NetSlim: high-confidence curated signaling maps

Criteria for NetSlim

In generating NetSlim, we applied the following inclusion criteria to extract a high confidence set of reactions from pathways in NetPath: (i) reactions supported by at least two research articles; (ii) reactions shown to occur in multiple cell types (iii) PPIs reported through high-throughput analyses, as well as induced PTMs identified using mass spectrometry are included if they are supported by any other experimental method; (iv) components of well established protein complexes even if they do not meet other criteria; and (v) molecules or reactions described in expert review articles. Schematic representation of the NetSlim criteria is provided in Figure 1. Reactions that fulfilled one or more of the above criteria were included in NetSlim.

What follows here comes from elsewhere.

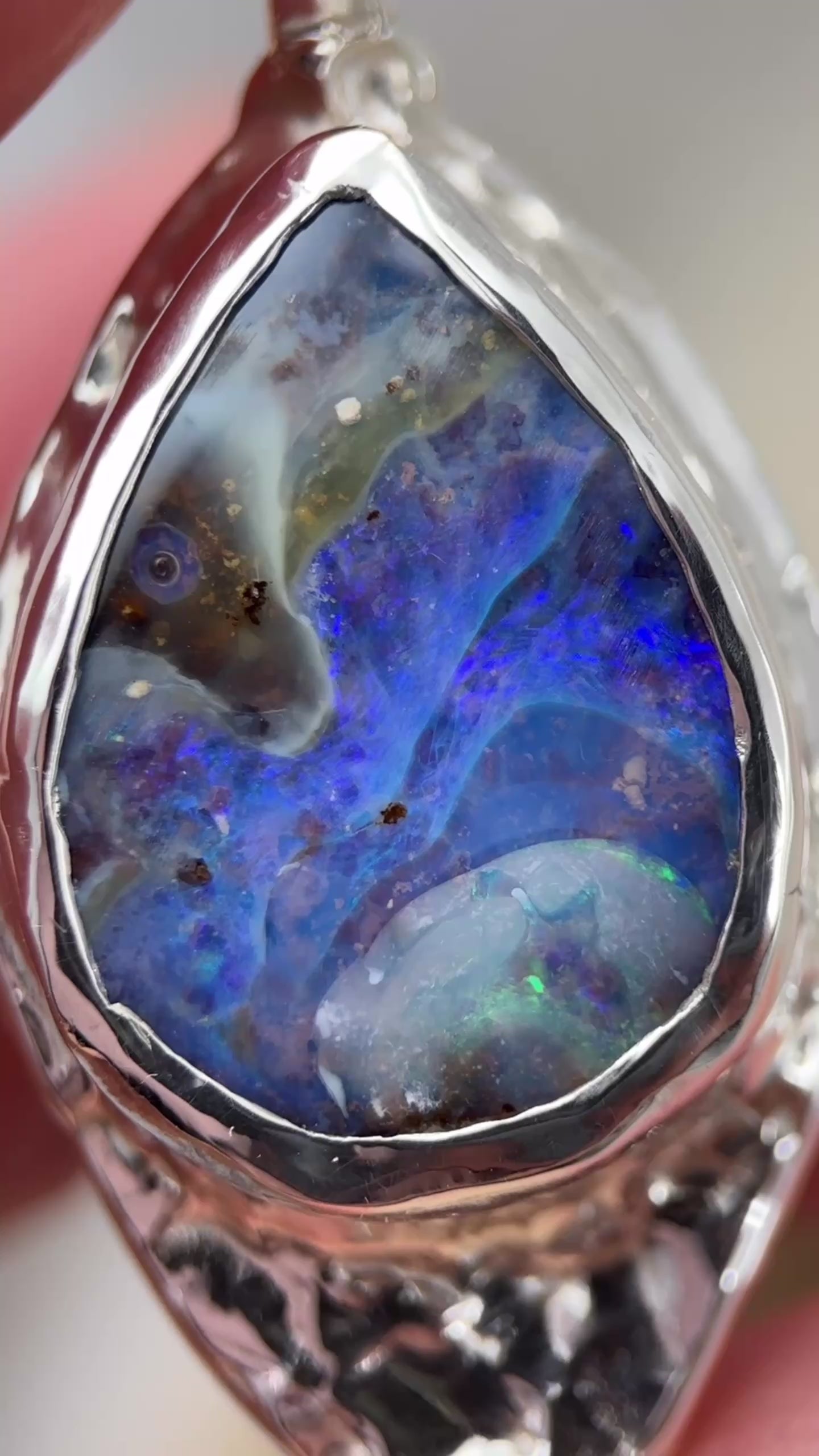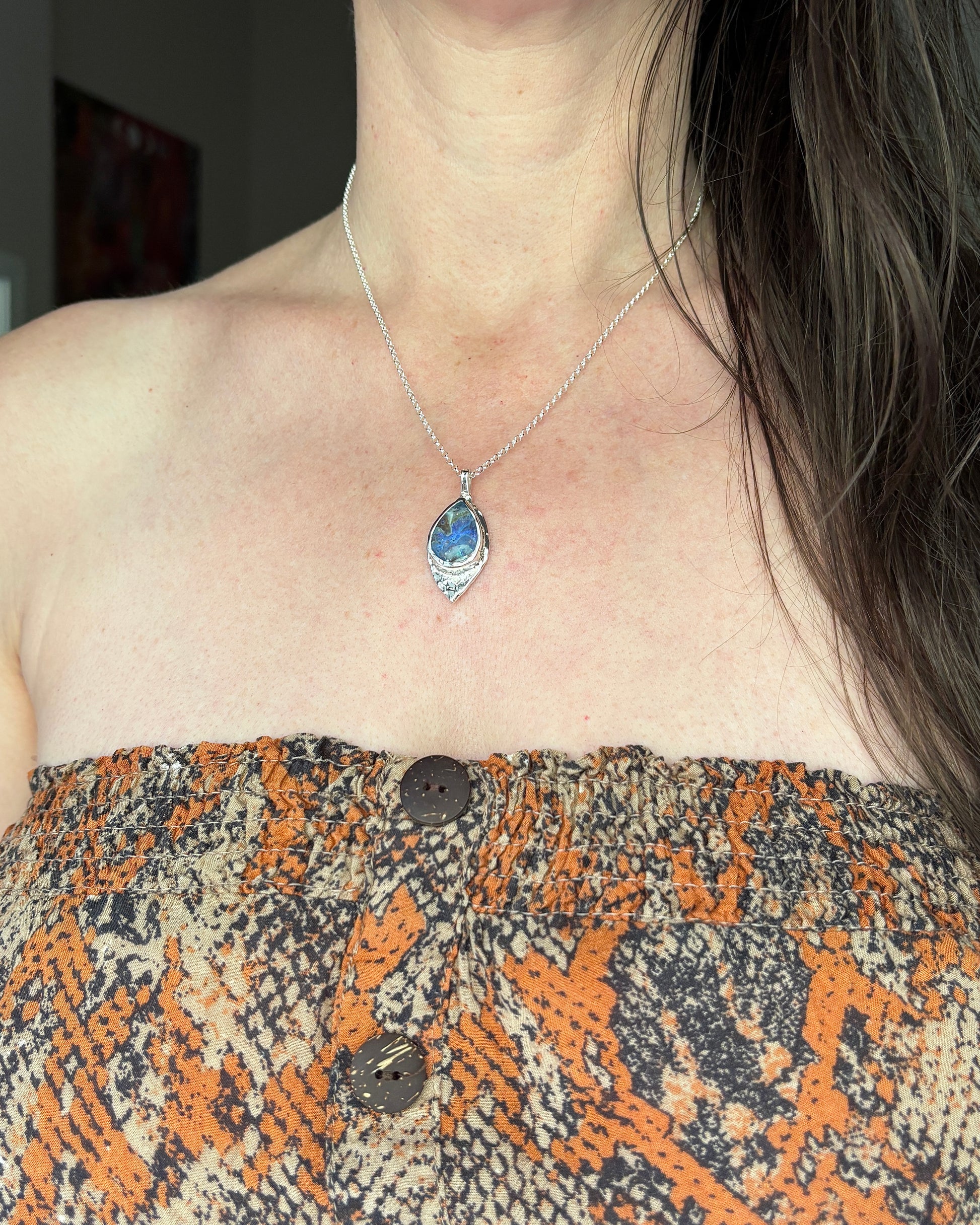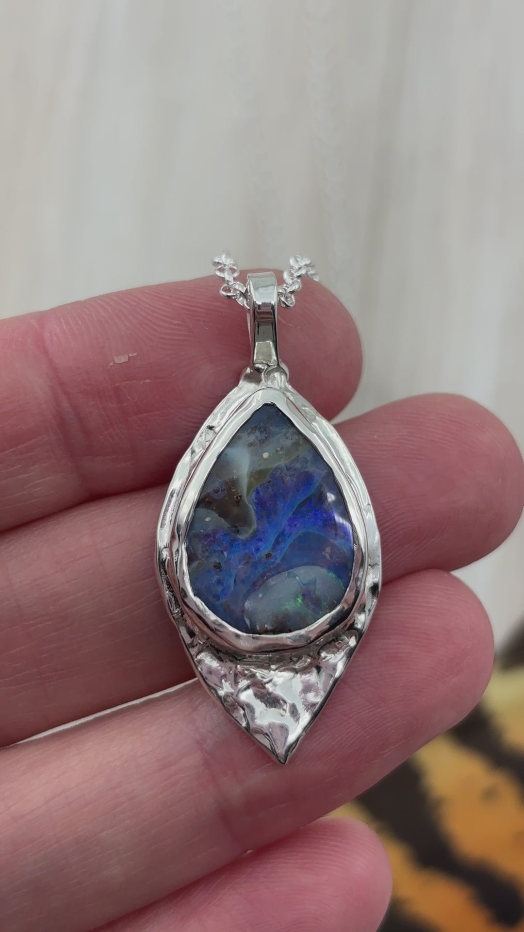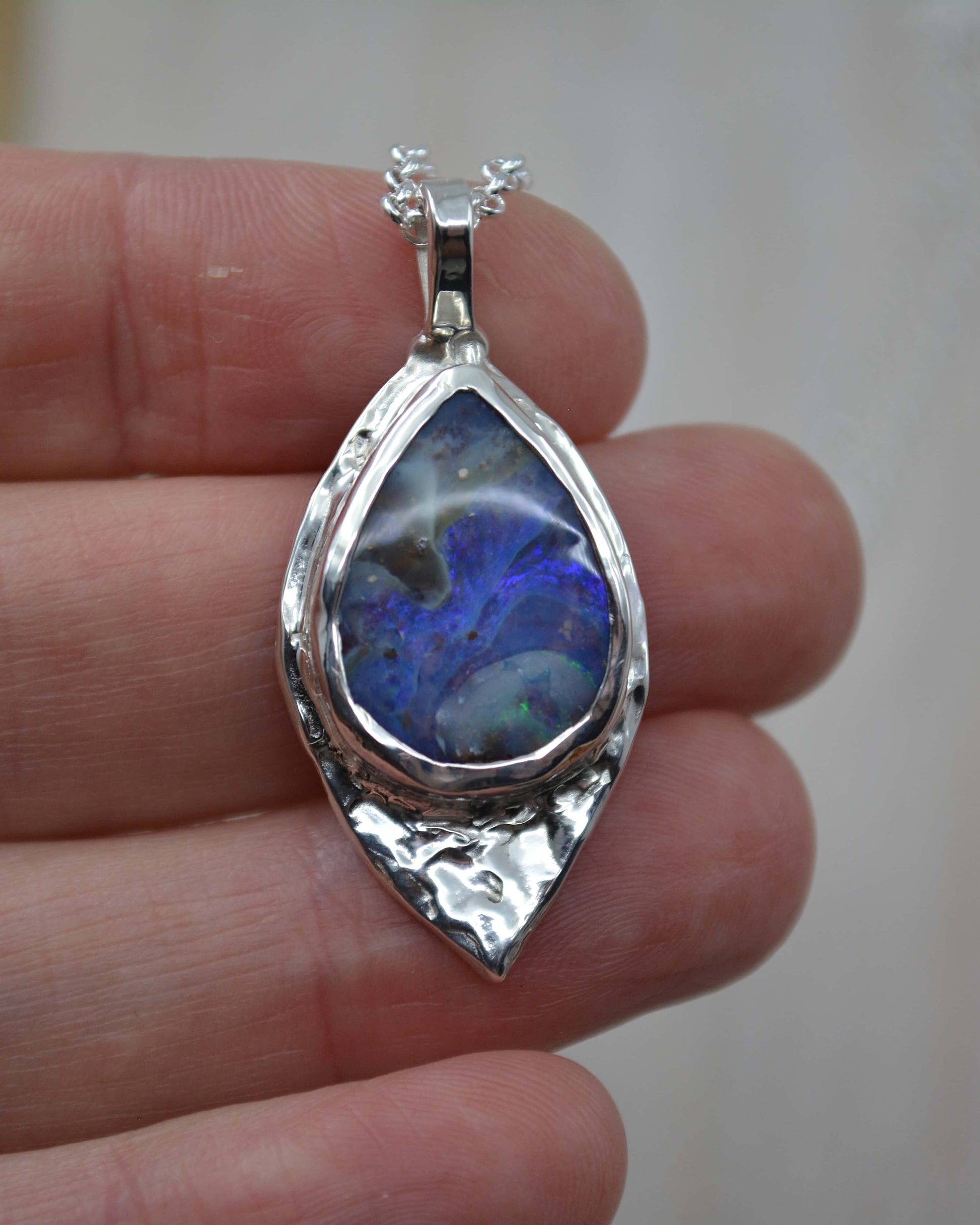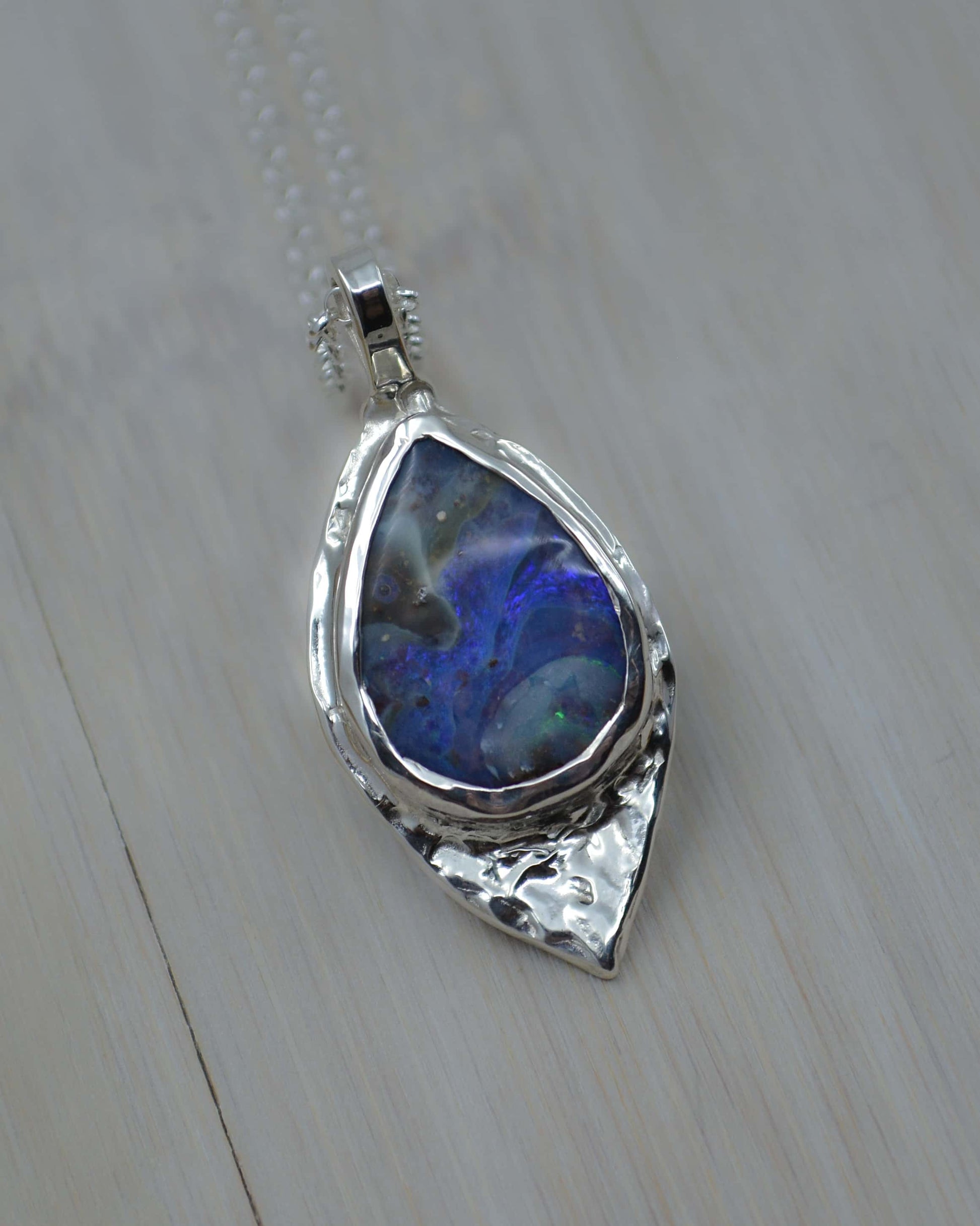This Boulder Opal Sterling Silver Textured Pendant has an eagle looking in from the left side of the stone. It has been hand sculpted using the lost wax jewellery method & cast in solid sterling silver. Created with a molten effect, this piece has a very unique look.

Graphical representation of NetSlim

The signaling pathway maps of NetSlim were generated using the PathVisio tool which facilitates editing and display of biological pathways (13). PathVisio is an improved visualization tool which incorporates all the features of GenMAPP (14). All molecular reactions that occur downstream of activated receptors are represented by solid edges, which depict direct interactions/reactions, or by dashed edges, which depict indirect/induced events. Signaling nodes are depicted based on the ability of molecules to interact with their partners, and on the availability of protein regulators for cross-talk with other signaling modules. The topology of the pathway, which determines whether a given molecule lies upstream or downstream from another reference molecule, is generally dependent on the biological information obtained from studies using mutants or inhibitors of specific molecules. The edges representing various PPIs, enzymatic reactions or protein translocation events are distinguished from each other by distinct colors. NetSlim maps with detailed legends are available at http://www.netpath.org/netslim. Pathway maps with nodes hyperlinked to specific NetPath molecule page and the edges linked to their corresponding citations can be obtained by clicking on ‘map with citation’ option in the NetSlim pathway pages. The browsing features and the information provided in NetSlim are shown in Figure 2 with TGF beta pathway as an example.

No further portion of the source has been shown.